See citation A2406, A2407 and A2409, that also resulted in A2400 to not be met.
Tag No.: A2406
Based on policy and procedure review, medical record review, staff and medical staff interviews the facility failed to ensure all data collected for the medical screening exam (MSE) to rule out an emergency medical condition (EMC) was documented in the patient medical record for 2 (P1 and P5) of 20 sampled emergency department (ED) patients. This failed practice has the potential to cause harm or death to all patients who present to the ED with an EMC. According to facility provided data the ED sees an average of 2,750 and transfers 99 patients per month.
See citation A2400, A2407 and A2409, that also resulted in A2406 to not be met.
Findings include:
A. Review of facility policy, "Medical Screening Exam," MS34 approved 4/2023 revealed, screenings may include vital signs, oral history, physical examination of affected or potentially affected systems, consideration of known chronic conditions, any testing needed to determine presence of an emergency medical condition.
Review of facility policy, "Emergency Medical Treatment and Transfer Policy (EMTALA)," RI07 approved 2/2022 revealed, the MSE shall determine whether a medical emergency does or does not exist. Depending on the patient's presenting symptoms the MSE may range from a simple process involving only a brief history and physical examination, to a complex process with ancillary and diagnostic tests.

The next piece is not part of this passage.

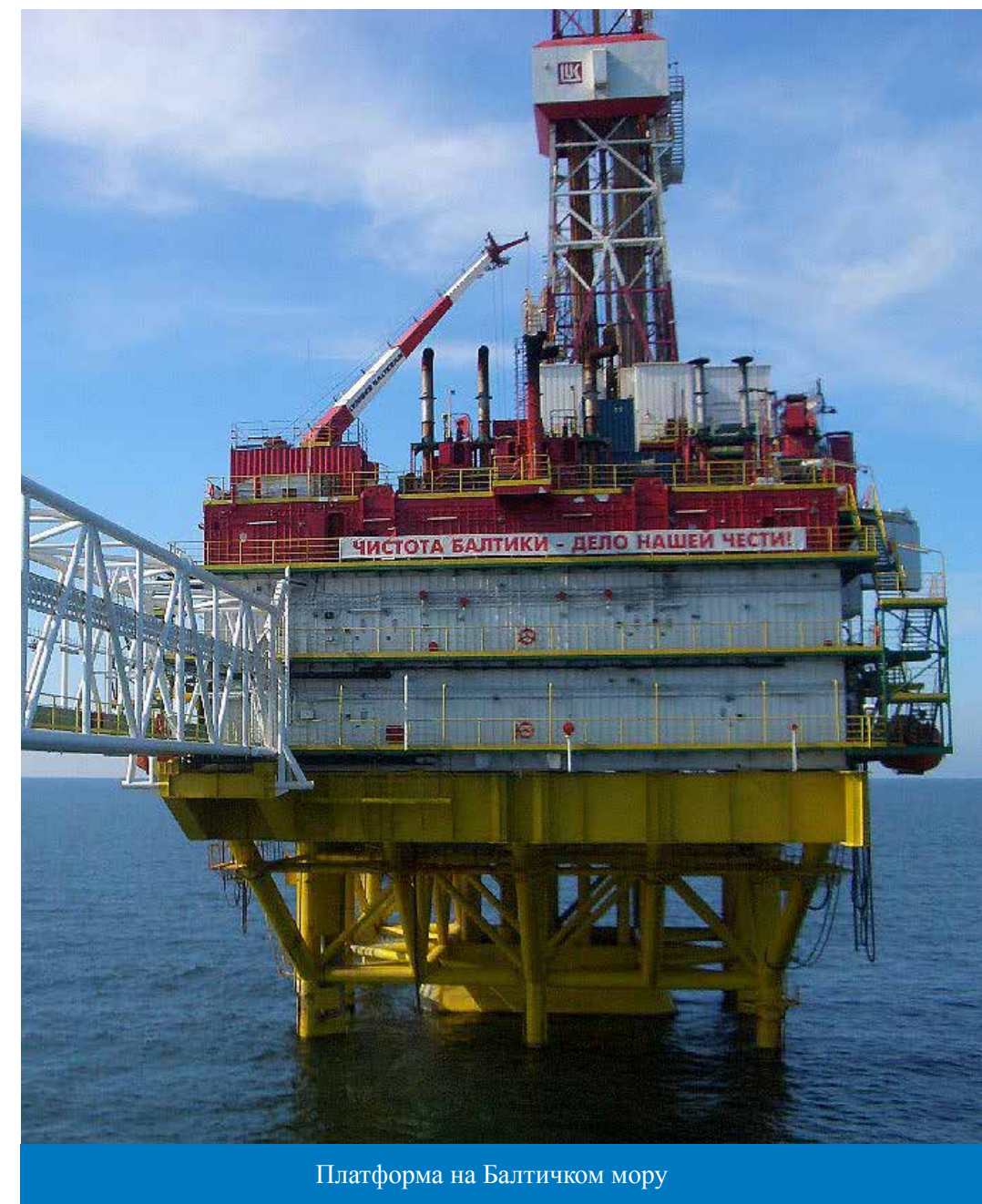
Платформа на Балтичком мору

Налазиште Јуриј Корчагин ЛУКОИЛ је открио 2000. године. Залихе нафте и гаса по категоријама ЗР премашују 270 милиона барела нафтног еквивалента. Максимални ниво производње на годишњем нивоу је 2,5 милиона тона нафте и једна милијарда кубних метара гаса.

The facility shall provide medical treatment within its capability and capacity that minimizes the risks to the individual's health.
Review of facility policy, "Guidelines for vital signs in the ED," PCB12 approved 6/2022 revealed, vital signs may reveal sudden changes in a patient's condition as well as changes that occur progressively over a time. Any difference between a patient's normal baseline measurement and present vital signs can be an indication for the Registered Nurse (RN) to initiate appropriate nursing therapies and pursue necessary medical interventions. Abnormal vital signs should be brought to the attention of the ED attending provider. All patients will have temperature, pulse, respirations, pulse oximeter, pain assessment, and blood pressure done upon arrival to the ED.
B. Review of P1's medical record revealed, P1 presented to the acute care hospital on 1/1/2024 at 2:53AM via car, walk in, with a chief complaint of fall going up concrete steps, struck back of head, with brief loss of consciousness, repeat questioning and memory lapses.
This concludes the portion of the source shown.